Monica sacó la llave de la casa y se disponía a abrir la puerta, pero se detuvo. Aún no estaba preparada para entrar. De repente, sintió un inmenso deseo de ver a su hijo, se guardó la llave en el bolsillo, bajó la escalinata y se encaminó a la cabaña de Morgan. Seguramente se irritaría al verla irrumpir en su rutina presentándose así sin más, pero por una vez a Monica la trajo sin cuidado. Recordó cómo olía de pequeño y cómo ese olor la impulsaba a mover montañas, de ser preciso, sólo por él. Y ahora sentía la necesidad de volver a olerle la nuca, pese a lo mayor que era ya, abrazarlo y convertirlo en su seguridad, en lugar de la fuente de preocupaciones que había sido todos aquellos años.

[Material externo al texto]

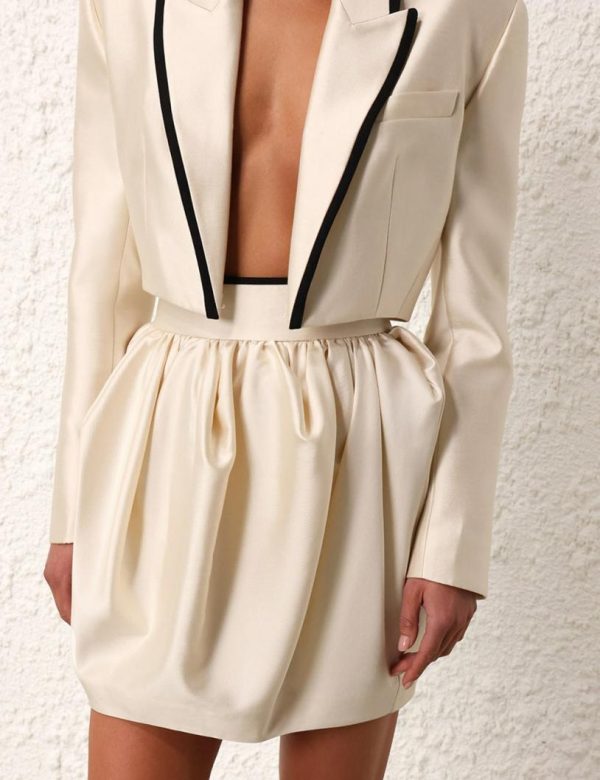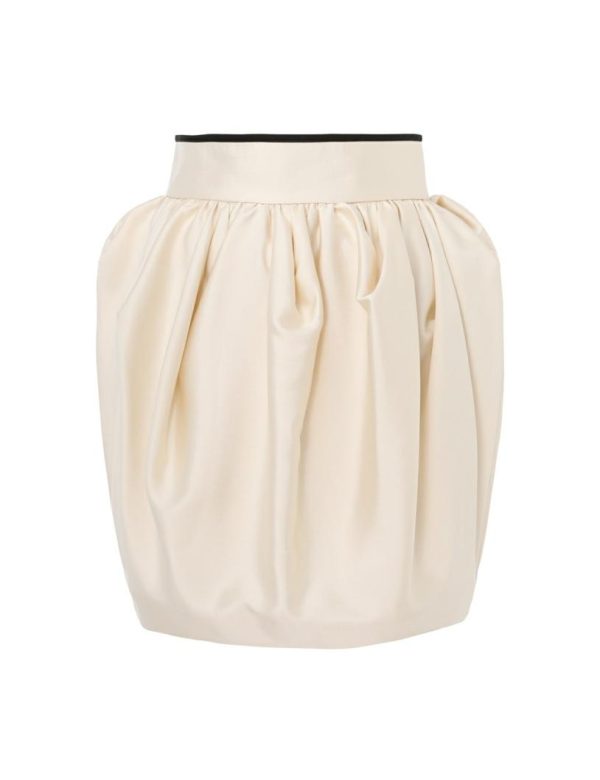 The Matchmaker Tulip Mini Skirt in Cream from our Resort 2024 Collection, Matchmaker. A wool and silk blend mini skirt featuring a high waist and tulip silhouette.
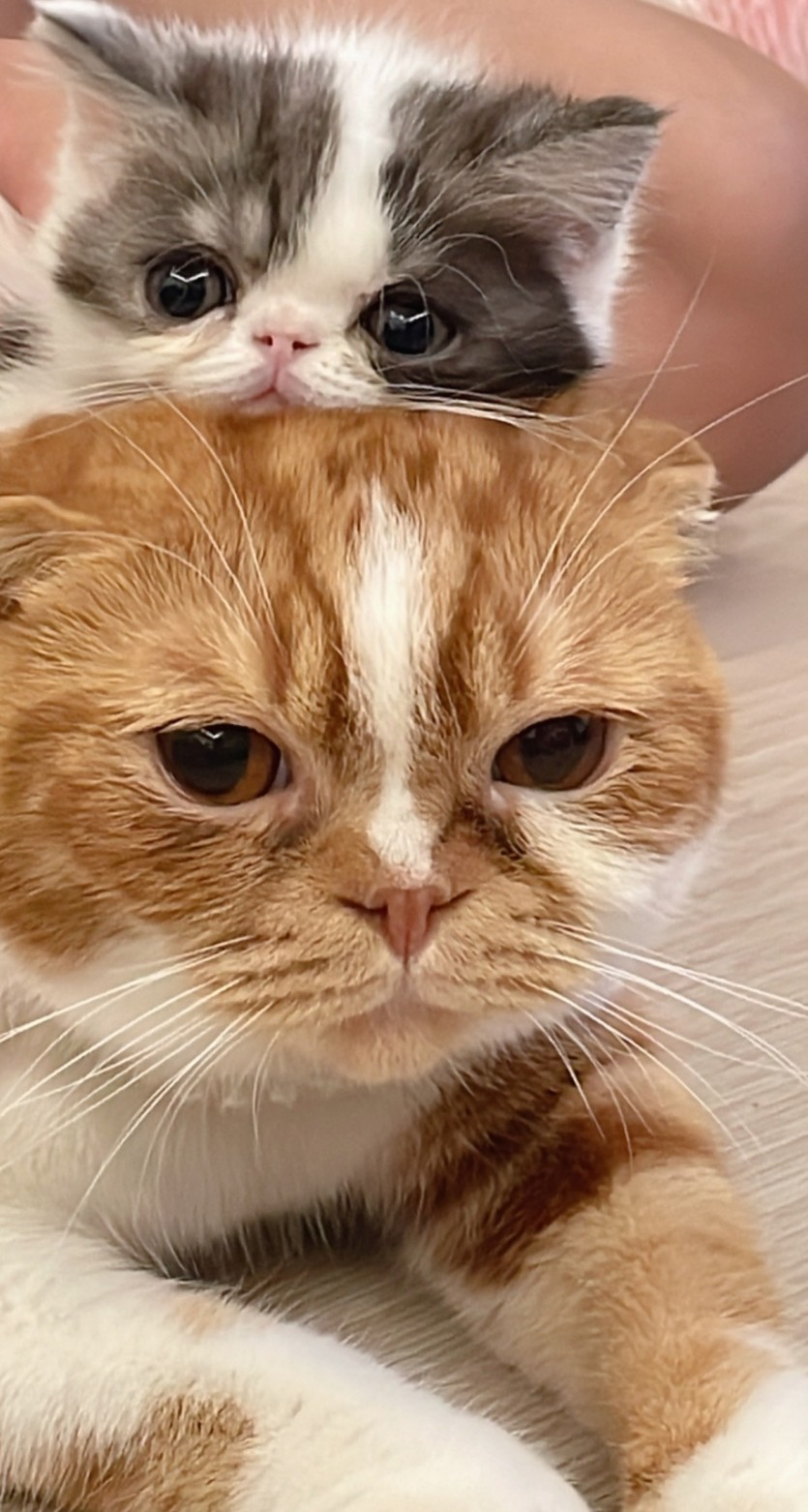 둘다 중성화 완료되었구여 스코티쉬는 얌전하고 조용한 성격이고 액죠틱은 애교많고 활발하고 호기심많은 성격이에요
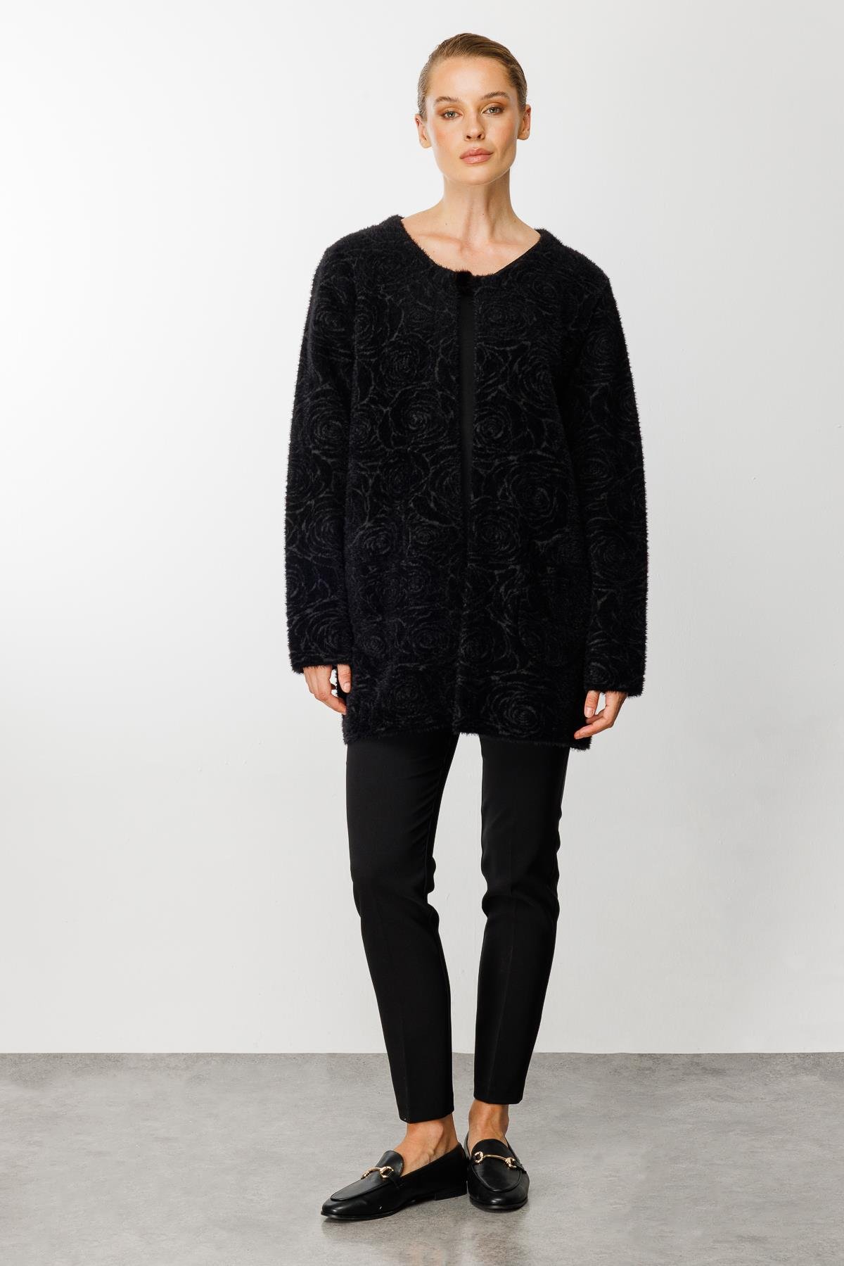 Mutlu Ertan Kadın Gül Desenli Angora Triko Cepli Hırka Siyah-Füme 2825 (2825)
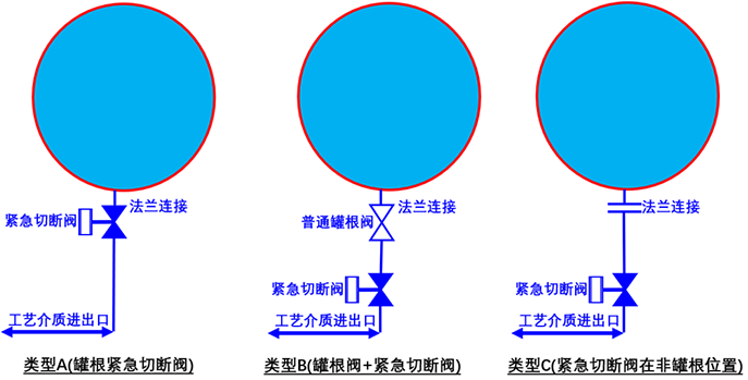 其次,既然在儲罐本體上新開注水口不太現實,那么采用已有的管線也就成了在役球罐注水改造的現實選擇。這個現實選擇很多企業是不盡相同的,因為每家企業的球罐工藝進出口管道是不太一樣的,這里面影響最大的一個區別就是球罐進出口管道上罐根閥和緊急切斷閥的布置問題。根據布置狀況的不同,我把在役裝置的球罐按照工藝管道進出口閥門的不同配置,按圖分為A、B、C三種類型,如下圖:
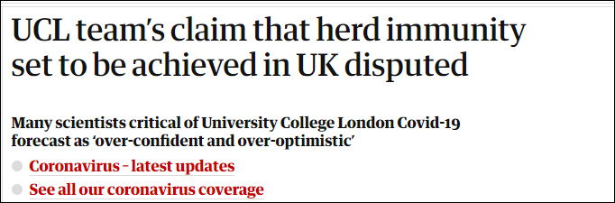 倫敦大學學院的這一觀點隨後被不少科學家所質疑,有科學家認為,確診過新冠的人對於新冠的免疫力會隨着時間推移而下降,因此英國距離“羣體免疫”仍很遙遠。
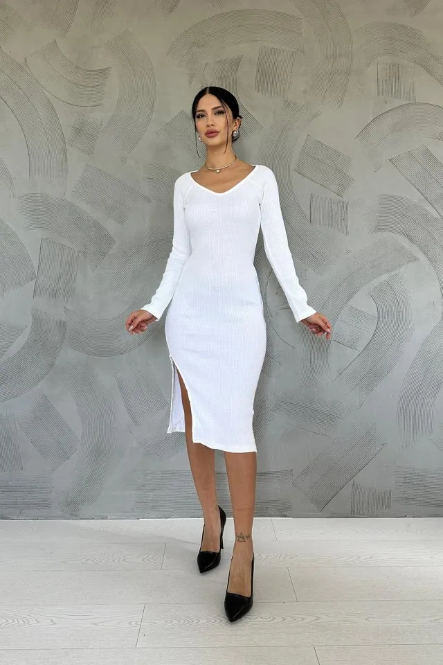 تميزي في العيد مع فستان ميدي ضيق بياقة غير متماثلة وفتحة جانبية لإطلالة أنيقة وجذابة.
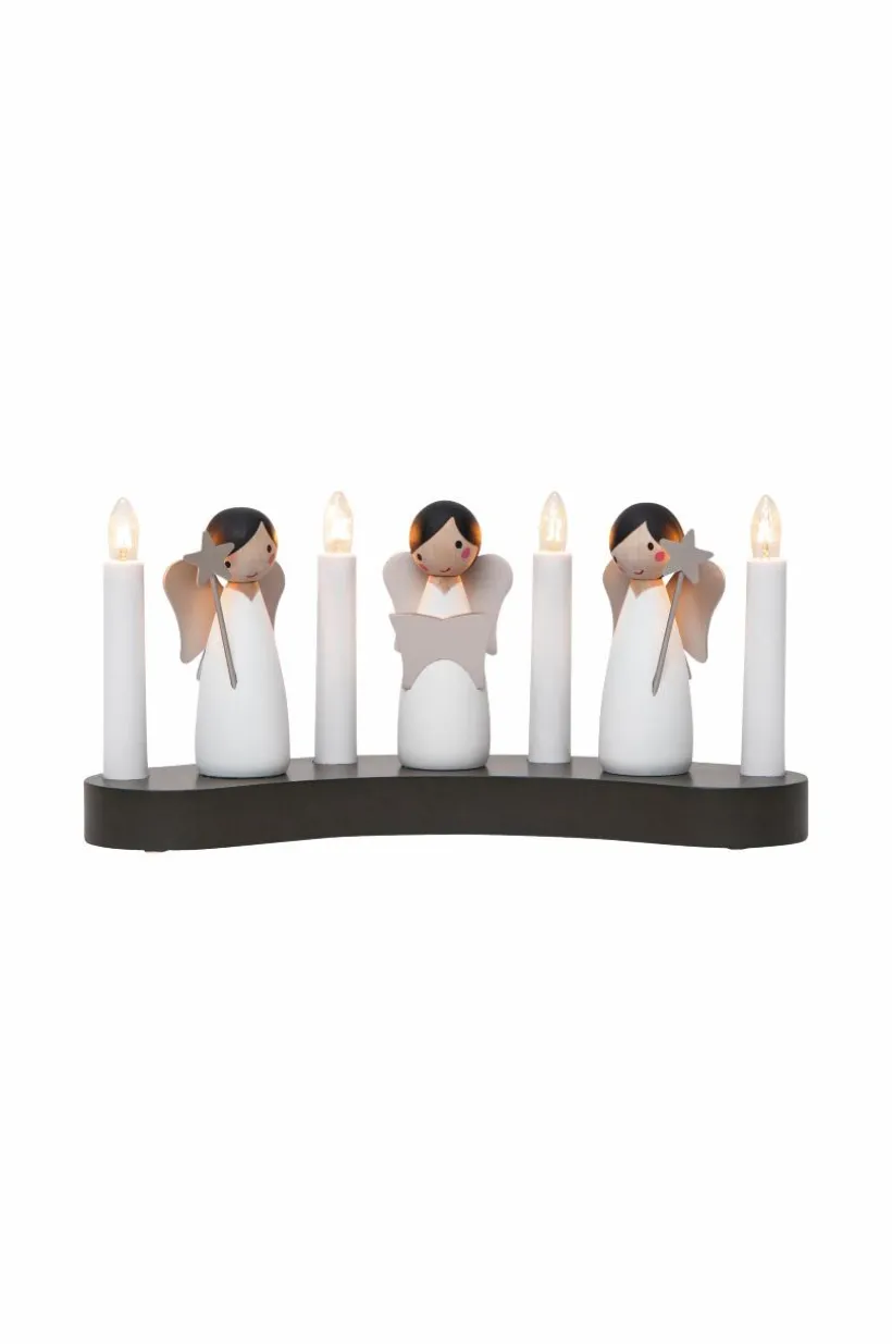 Änglakör träljusstake med 4 ljuskällor. Ljuskälla ingår. En dekorativ ljusstake som sprider härlig julstämning i hemmet. Sladd med strömbrytare. Total effekt 12W. Lampans effekt 12W.
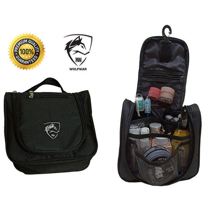 Toiletries bag Material : Polyester Size (L x H x H) : 19 x 19 x 10 cm Are you confused about storing toiletries while traveling or traveling? Just use a toiletries bag. By using this bag toiletries such as soap, shampoo, toothbrush, will be stored safely and neatly in one place. Not only to store toiletries, you can also store your various cosmetics here. All your body care products are neatly stored and no longer messy. Plus wolfwar toiletries can be hung in the bathroom, making it easier for you when you want to use it Your best quailty bag
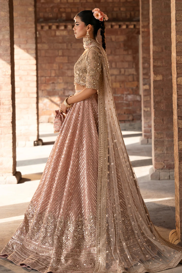 A heavily embellished sweetheart neckline choli, intricately adorned on net fabric with full sleeves. Paired with a flared lehnga in net and masoori silk, finished with rich embroidery. The look is completed with a 3.5-yard net dupatta, beautifully finished with heavy borders on all four sides, and statement tassels and hangings gracefully attached to the blouse
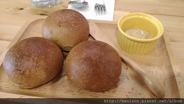 (幾次帶著家人朋友去吃大家都愛熱呼呼的麵包,抹醬是一絕,當天吃的是咖啡醬,很香濃喔~)

Dio unos golpecitos discretos, pero se dio cuenta enseguida de que estaba cerrada con llave. Fue tanteando con los dedos por el listón del quicio de la puerta hasta dar con la llave.
¿Dónde estaría? Morgan no salía nunca solo. Era algo que jamás había ocurrido antes; nunca se había marchado sin ella o, al menos, sin explicar adonde iba exactamente. El temor la llenaba de angustia, pues casi esperaba verlo muerto en el suelo. Era algo que siempre la había aterrorizado: que Morgan dejase un día de hablar de la muerte para, en cambio, buscarla por su propia mano. Quién sabía si la pérdida de los ordenadores y la intromisión en su mundo lo habían llevado a ese lugar del que nadie regresa.
Pero la cabaña estaba vacía. Monica miró a su alrededor y enseguida vio una nota sobre uno de los montones de revistas que había junto a la puerta. Reconoció la caligrafía de Morgan antes de distinguir lo que decía. Se le paró el corazón. No obstante, se calmó en cuanto leyó el contenido y no tomó conciencia del grado de tensión que sufría hasta que se relajó.